• EXERCISE BRIEF: Reproduce the opening lines of the listing below exactly, stopping after the line that contains "Un adulto mayor" and leaving out any pictures.

:: STORED DATA ::

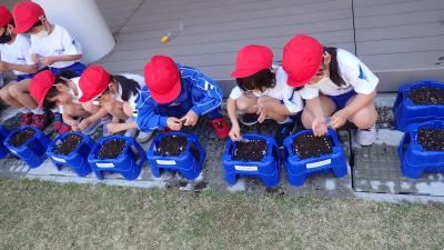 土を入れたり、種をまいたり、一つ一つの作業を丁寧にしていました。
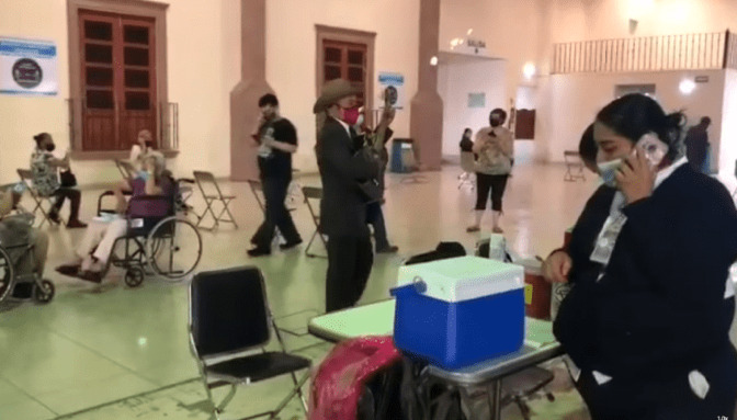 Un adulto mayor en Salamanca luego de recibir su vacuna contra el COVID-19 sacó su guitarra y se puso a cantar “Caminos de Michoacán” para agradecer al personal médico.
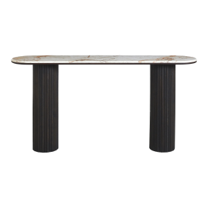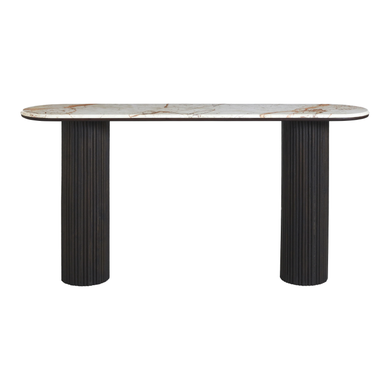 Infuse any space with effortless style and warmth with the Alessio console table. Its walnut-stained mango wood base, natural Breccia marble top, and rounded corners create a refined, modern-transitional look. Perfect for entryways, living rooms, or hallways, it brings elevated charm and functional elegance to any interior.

:::

• RESPONSE BELOW:
 土を入れたり、種をまいたり、一つ一つの作業を丁寧にしていました。
 Un adulto mayor en Salamanca luego de recibir su vacuna contra el COVID-19 sacó su guitarra y se puso a cantar “Caminos de Michoacán” para agradecer al personal médico.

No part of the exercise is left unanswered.